▶ [Prompt]
None of the images should appear in your copy. Transcribe the data in full.

▶ [Data provided]

╭──

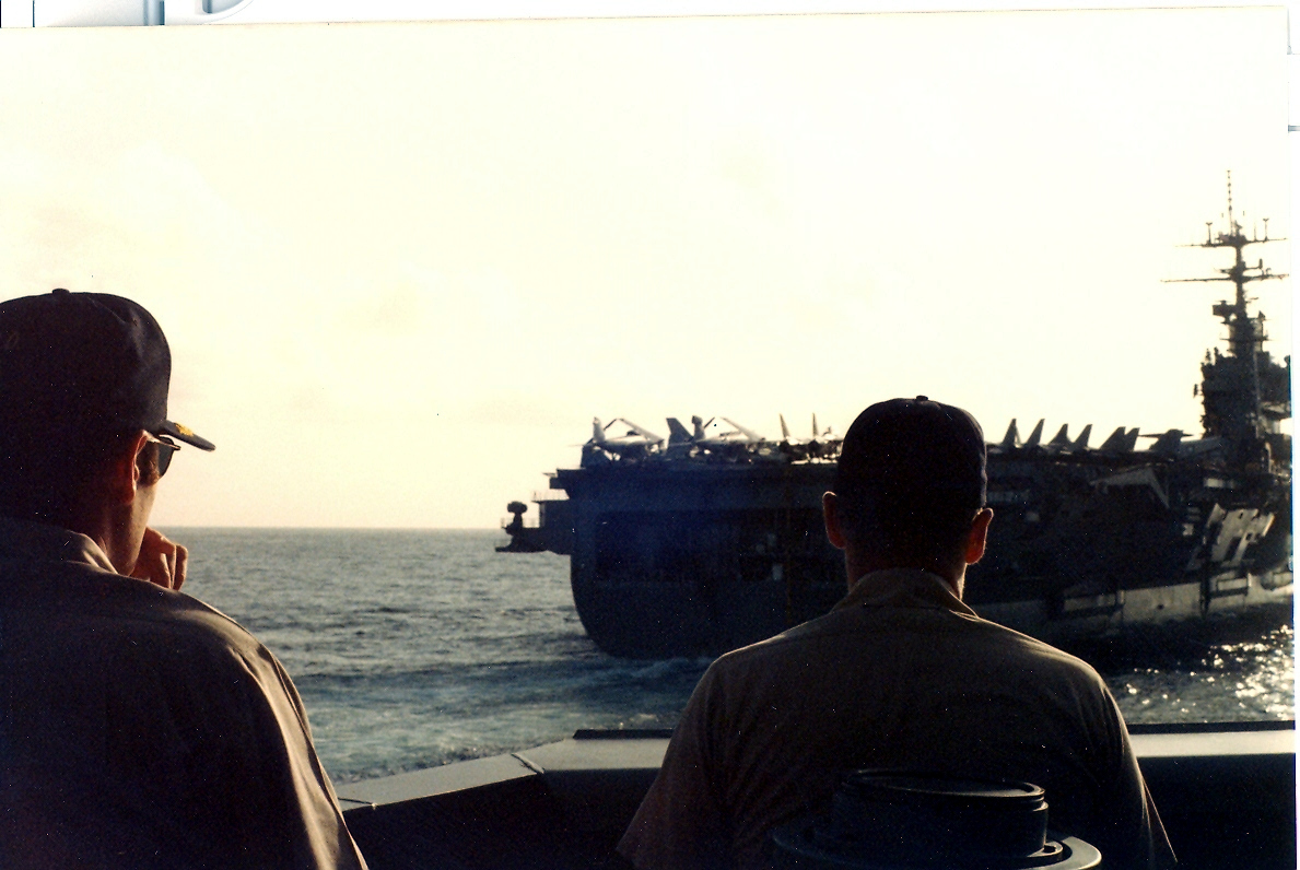 96k | This image is from WestPac 93 (2 February–1 August 1993) when USS Nimitz (CVN-68) sailed to the Persian Gulf for Operation Southern Watch, enforcing the no-fly zone over southern Iraq. |
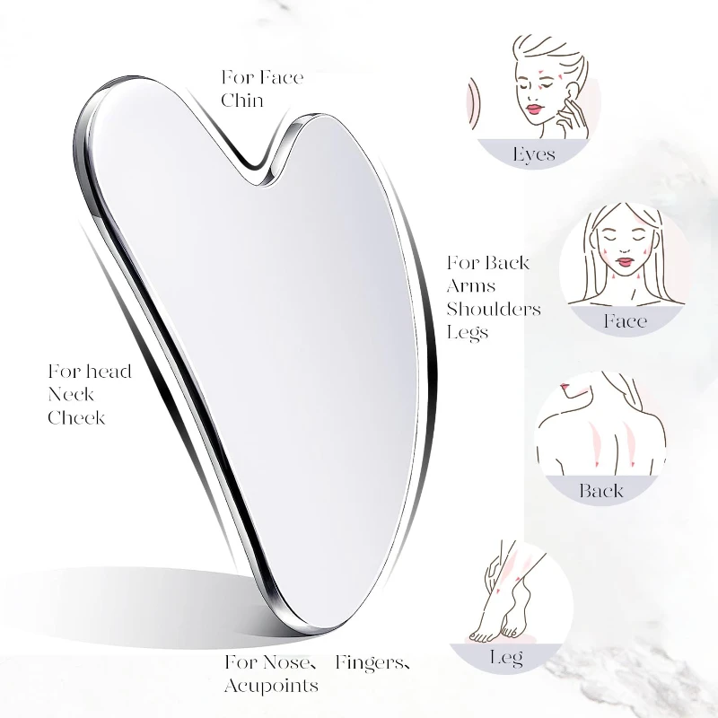 The gua sha tool is made of quality stainless steel material, steady and reduce friction for sensitive support, polished to the mirror surface, smooth and easy to clean; It’s an upgrade to the traditional gua sha stone; The facial massage tool is nice for facial SPA, the smooth edges of scraper ensure gently touching your skin without hurting while massaging your face accurately. Gua sha massage tool for whole body, it can be applied to the face, back, legs, wrists, arms, necks, and even the shoulders; Release muscle tension and improve lymphatic drainage with gua sha massage ritual; There are effective functions of promoting blood circulation, treating soft tissue injury, removing dampness and relieving pain
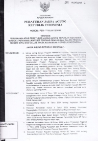 Peraturan Jaksa Agung Republik Indonesia Nomor: PER-035/A/JA/12/2009 Tentang Perubahan Atas Peraturan Jaksa Agung Republik Indonesia Nomor: PER-064/A/JA/07/2007 Tentang Pengadaan Calon Pegawai Negeri Sipil dan Calon Jaksa Kejaksaan Republik Indonesia
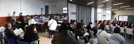 隨后,來訪教師分別觀摩了學校的一堂鋼琴課和音樂課,兩位任課老師在教學過程中都充分調動了學生的積極性,重視學生個體鮮活的課堂體驗,經由現代化的教學手段將科學的教育理念滲透到課堂的每一個細節,教學過程精彩紛呈,受到了來訪教師的一致好評。

╰──

▶ [Answer area]
 96k | This image is from WestPac 93 (2 February–1 August 1993) when USS Nimitz (CVN-68) sailed to the Persian Gulf for Operation Southern Watch, enforcing the no-fly zone over southern Iraq. |
 The gua sha tool is made of quality stainless steel material, steady and reduce friction for sensitive support, polished to the mirror surface, smooth and easy to clean; It’s an upgrade to the traditional gua sha stone; The facial massage tool is nice for facial SPA, the smooth edges of scraper ensure gently touching your skin without hurting while massaging your face accurately. Gua sha massage tool for whole body, it can be applied to the face, back, legs, wrists, arms, necks, and even the shoulders; Release muscle tension and improve lymphatic drainage with gua sha massage ritual; There are effective functions of promoting blood circulation, treating soft tissue injury, removing dampness and relieving pain
 Peraturan Jaksa Agung Republik Indonesia Nomor: PER-035/A/JA/12/2009 Tentang Perubahan Atas Peraturan Jaksa Agung Republik Indonesia Nomor: PER-064/A/JA/07/2007 Tentang Pengadaan Calon Pegawai Negeri Sipil dan Calon Jaksa Kejaksaan Republik Indonesia
 隨后,來訪教師分別觀摩了學校的一堂鋼琴課和音樂課,兩位任課老師在教學過程中都充分調動了學生的積極性,重視學生個體鮮活的課堂體驗,經由現代化的教學手段將科學的教育理念滲透到課堂的每一個細節,教學過程精彩紛呈,受到了來訪教師的一致好評。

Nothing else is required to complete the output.